§ TASK TO COMPLETE:
From the line that contains "Fót-Kisalagon, kiváló közlekedés" down to the last line of the entries, please return everything exactly, except the pictures.

------------------------------------------------

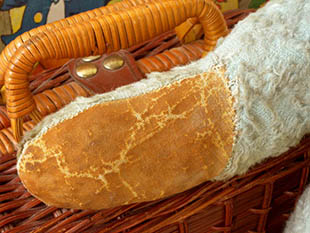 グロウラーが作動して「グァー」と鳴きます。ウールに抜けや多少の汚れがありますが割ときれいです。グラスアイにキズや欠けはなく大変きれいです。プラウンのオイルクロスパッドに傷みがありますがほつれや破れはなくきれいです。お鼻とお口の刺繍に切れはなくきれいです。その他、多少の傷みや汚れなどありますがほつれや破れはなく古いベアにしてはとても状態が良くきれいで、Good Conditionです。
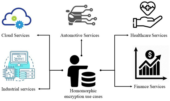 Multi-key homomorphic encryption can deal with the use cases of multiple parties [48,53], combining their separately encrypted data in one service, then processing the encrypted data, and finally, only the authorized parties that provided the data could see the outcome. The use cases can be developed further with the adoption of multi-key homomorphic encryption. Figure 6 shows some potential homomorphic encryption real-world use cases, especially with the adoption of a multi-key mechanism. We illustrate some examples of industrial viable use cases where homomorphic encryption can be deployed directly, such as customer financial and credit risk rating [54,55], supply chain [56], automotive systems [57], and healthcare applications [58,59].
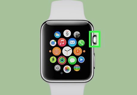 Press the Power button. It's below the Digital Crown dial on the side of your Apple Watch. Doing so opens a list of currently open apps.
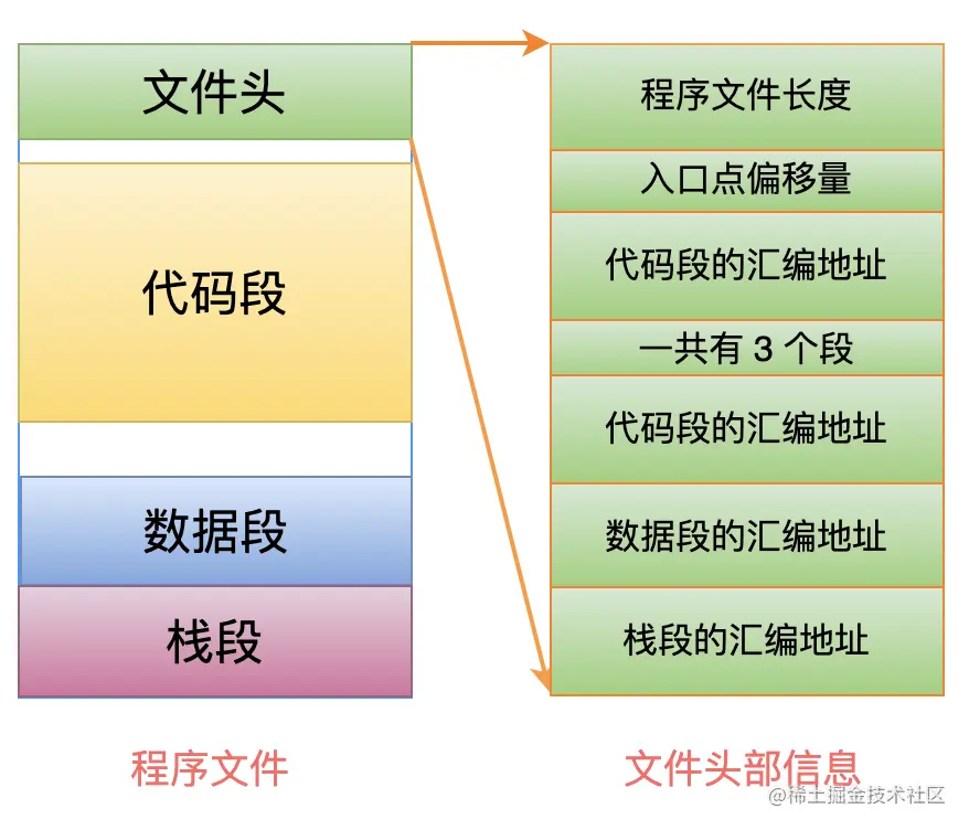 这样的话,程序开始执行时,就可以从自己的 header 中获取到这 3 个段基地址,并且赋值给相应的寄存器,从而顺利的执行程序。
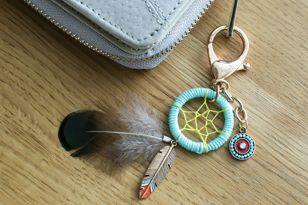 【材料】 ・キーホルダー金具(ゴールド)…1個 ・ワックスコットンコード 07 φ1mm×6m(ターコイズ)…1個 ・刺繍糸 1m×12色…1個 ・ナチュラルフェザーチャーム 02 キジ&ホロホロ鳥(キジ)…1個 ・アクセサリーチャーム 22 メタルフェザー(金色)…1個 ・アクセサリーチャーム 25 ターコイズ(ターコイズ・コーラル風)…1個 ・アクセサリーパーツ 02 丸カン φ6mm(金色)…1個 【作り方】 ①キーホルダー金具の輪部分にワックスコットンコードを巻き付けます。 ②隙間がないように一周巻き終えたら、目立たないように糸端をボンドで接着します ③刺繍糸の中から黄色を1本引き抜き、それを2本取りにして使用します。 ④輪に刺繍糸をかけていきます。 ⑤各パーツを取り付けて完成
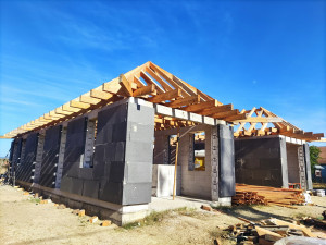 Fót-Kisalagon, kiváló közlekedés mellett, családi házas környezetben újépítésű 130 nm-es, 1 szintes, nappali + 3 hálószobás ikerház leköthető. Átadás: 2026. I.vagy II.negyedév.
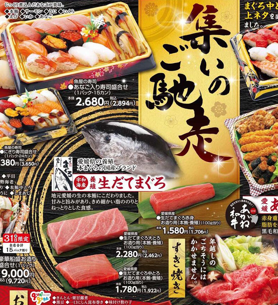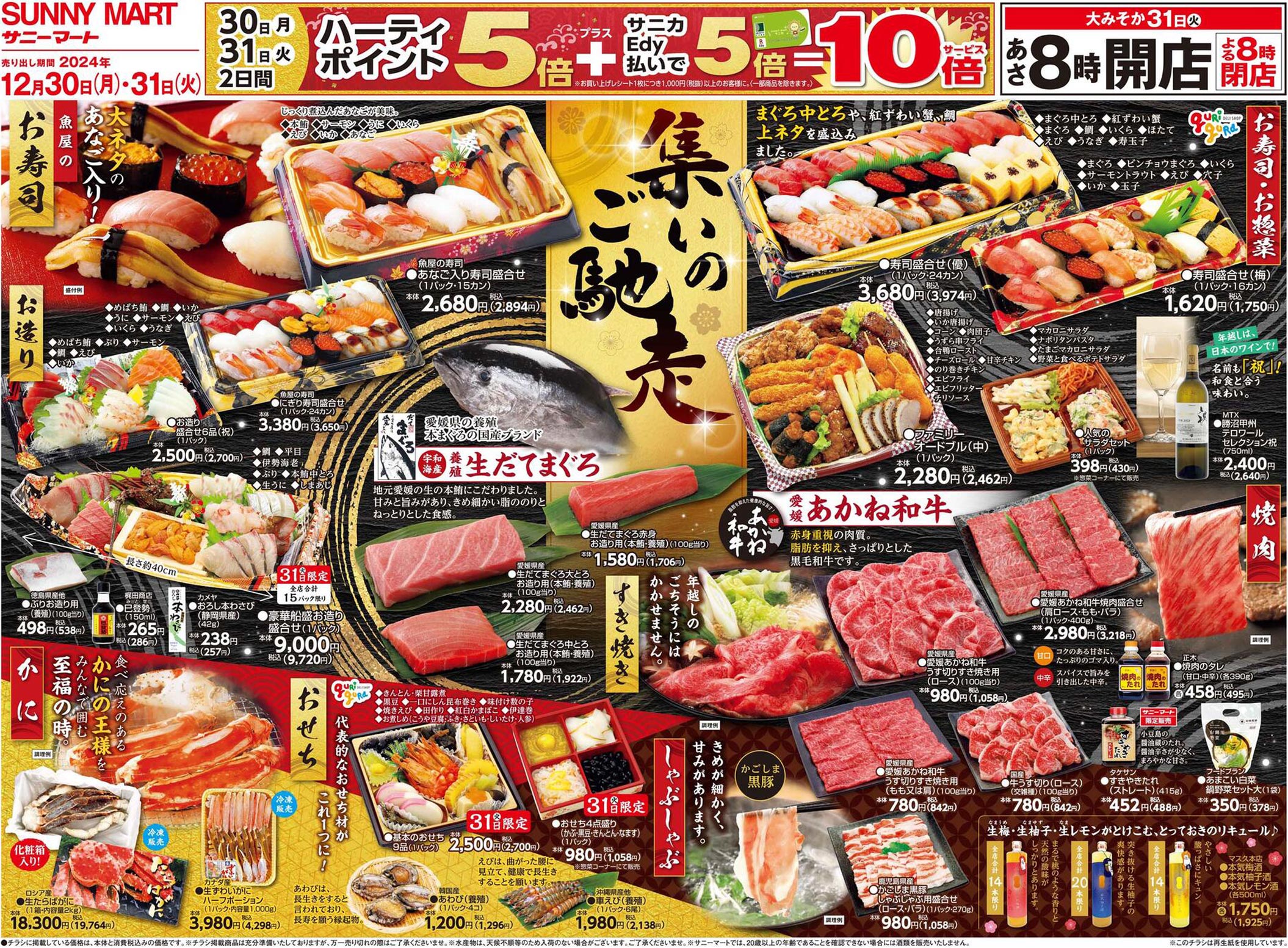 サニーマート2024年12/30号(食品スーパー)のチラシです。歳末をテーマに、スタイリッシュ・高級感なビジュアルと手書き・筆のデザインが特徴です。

------------------------------------------------

§ SOLVED EXERCISE:
 Fót-Kisalagon, kiváló közlekedés mellett, családi házas környezetben újépítésű 130 nm-es, 1 szintes, nappali + 3 hálószobás ikerház leköthető. Átadás: 2026. I.vagy II.negyedév.
 サニーマート2024年12/30号(食品スーパー)のチラシです。歳末をテーマに、スタイリッシュ・高級感なビジュアルと手書き・筆のデザインが特徴です。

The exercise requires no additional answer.